The percentage of pore volume of smaller pores (SPVP) and larger pores (LPVP) represents the percentage of spectral area in a certain T₂ spectrum range, in %; relevant literature has studied the relationship between the T₂ value and pore size. However, the conversion coefficients between the two parameters are not consistent. Based on the research results of Yao et al. (2010), the pore fracture system can be divided into small pores (0–102 nm, T₂ < 2.5 ms) and large pores (102–104 nm, 2.5 ms < T₂) using the T₂ spectrum and the response characteristics of pores with different pore sizes [4,16,17,18].

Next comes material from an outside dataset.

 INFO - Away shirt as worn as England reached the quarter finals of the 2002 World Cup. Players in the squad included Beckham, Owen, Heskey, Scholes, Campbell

Based on the saturated T₂ spectrum, two kinds of fractal parameters are proposed, as follows:

The first type is the single fractal parameter, which is calculated using the single fractal model. The calculation formula is as follows:

$$\lg (V_p)=(3-D_w)\lg (T_2)+(D_w-3)\lg T_{2\max }$$

(1)

In the formula, V_p is the pore volume percentage of the T₂ spectrum under a saturated water condition, in %; T₂ max is the maximum transverse relaxation time, in ms; and D_S is the fractal dimension in a saturated water state, which is dimensionless.

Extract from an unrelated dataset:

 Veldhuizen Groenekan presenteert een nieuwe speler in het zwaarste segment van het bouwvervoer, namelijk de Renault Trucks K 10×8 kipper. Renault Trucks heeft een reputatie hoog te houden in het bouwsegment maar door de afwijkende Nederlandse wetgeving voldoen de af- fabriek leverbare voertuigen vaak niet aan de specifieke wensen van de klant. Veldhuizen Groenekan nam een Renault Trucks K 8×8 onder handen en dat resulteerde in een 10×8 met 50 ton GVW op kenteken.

The relevant literature shows that the fractal curve can be divided into two sections using the T_{2 cut-off} value of saturated water [19,20]. The slope of the curve with a T₂ value of less than 2.5 ms corresponds to the heterogeneity of pore distribution with a smaller pore size (D₁), and the slope of the curve with a T₂ value greater than 2.5 ms corresponds to the heterogeneity of pore distribution with a larger pore size (D₂).

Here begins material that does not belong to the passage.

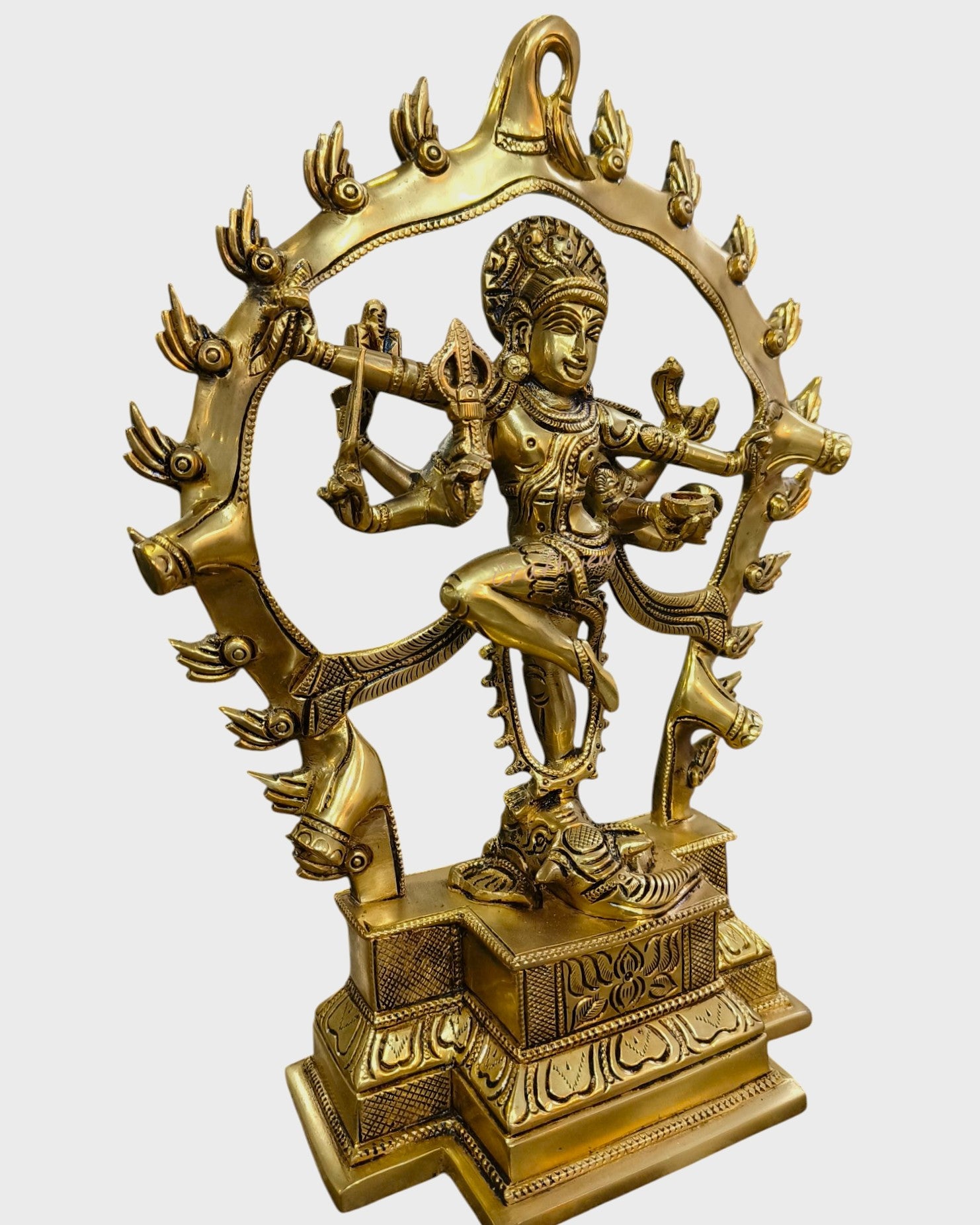 Brass Natraj Statue is a powerful and symbolic representation of Lord Shiva in his form as the Cosmic Dancer, Nataraja. Nataraja is one of the most iconic depictions of Lord Shiva, embodying the dynamic forces of creation, preservation, and destruction in the universe. The Natraj statue, crafted in brass, is not only a beautiful work of art but also a potent symbol of the eternal dance of life, the balance of the cosmos, and the liberation of the soul

The second type is the multifractal parameter, which is calculated using the multifractal model. The specific calculation formula is shown in Zhang et al. (2020) [1]. The multifractal characteristics of NMR data under different test methods (reflecting the inhomogeneity of pore size distribution) are studied using a box counting method [21,22,23]. When analyzing the volume probability of the T₂ spectrum in the interval [A, B], it is necessary to determine the scale and measure. The expression of proportion and measure is as follows:

$$\epsilon =2^{-k}L$$

(2)

$$\overline{\Delta n_i}={\displaystyle \frac{\Delta n_i-\Delta n_{\min }}{{\displaystyle \sum _{i=1}^N(\Delta n_i-\Delta n_{\min })}}}$$

(3)

The T₂ value is divided into several equal-length intervals for NMR testing, and the interval scale is represented by this. The analysis range of NMR data is 0~1000 ms, as detailed in Zhang et al. (2020) [1]. The multifractal dimension can be divided into two languages, namely the singular fractal spectrum and the generalized fractal spectrum. The characteristic parameters of f(a) mainly include a_min, a_max, a₀, a₀–a_max, a_min–a₀ and a. This is a set of main languages describing multifractal local features, called a multifractal spectrum [24,25]. From the perspective of information theory, another set, q~D(q), is introduced, which is called the generalized fractal dimension [26].

3. Results and Discussion

3.1. NMR T₂ Spectrum Distribution and Type Division

Unlike unconventional reservoirs such as coal and shale, tight sandstone reservoirs do not develop micropores, and the T₂ spectrum is dominated by single peaks [9]. The T₂ spectra of nine sandstone samples can be divided into the following four types. Type A is represented by sample 2, wherein the T₂ spectrum shows a bimodal state, and the area of the right T₂ spectrum (2.5~100 ms) is larger than that of the left T₂ spectrum (T₂ < 2.5 ms), indicating that the sample has good pore connectivity and belongs to the macroporous development sample (Figure 1a). Type B is represented by sample 8, wherein the T₂ spectrum is unimodal. The area of the right T₂ spectrum is significantly larger than that of the left T₂ spectrum, indicating that the pore connectivity of this type of sample is poor and that it belongs to the macroporous development sample (Figure 1b). The C-type sample is represented by sample 10. The T₂ spectrum shows a single peak state, and the main T₂ is distributed in 1~50 ms, indicating that the pore connectivity of this type of sample is very poor, and that it belongs to the mesoporous development type sample (Figure 1c). The D-type sample is represented by sample 52, and the T₂ spectrum is unimodal, and the main T₂ is distributed in 0.1~2.5 ms, indicating that the pore connectivity of this type of sample is very poor and that it belongs to the small pore development sample (Figure 1d). The results in

Table 1. Sample base information sheet.

Sample Number	Φwater (%)	Φnitrogen (%)	Permeability (mD)	T2 cut-off (ms)	Saturated Water Swi (%)	<2.5 (ms)	2.5~100 (ms)	Main Peak Position (ms)
2	3.75	6.55	1.0173	2.98	42.91	0.41	0.51	14.97
8	3.25	3.50	0.1169	4.82	27.96	0.18	0.74	21.09
10	3.24	3.20	0.1007	7.79	71.19	0.33	0.62	4.78
11	5.74	5.41	0.3871	8.39	64.36	0.25	0.68	6.00
12	2.62	2.80	0.1116	4.64	63.28	0.46	0.50	3.02
16	3.55	3.20	0.0352	6.67	63.15	0.31	0.66	6.00
45	10.24	9.27	3.0358	1.30	11.49	0.13	0.86	18.82
52	2.22	2.01	0.0146	0.49	66.38	0.92	0.07	14.97
58	9.77	9.03	0.5730	5.65	51.93	0.27	0.72	7.54

show that the porosity and permeability of type A and B samples are larger than those of type C and D samples. This is because the large pores in the pores and fractures of the former are developed and the pore connectivity is better.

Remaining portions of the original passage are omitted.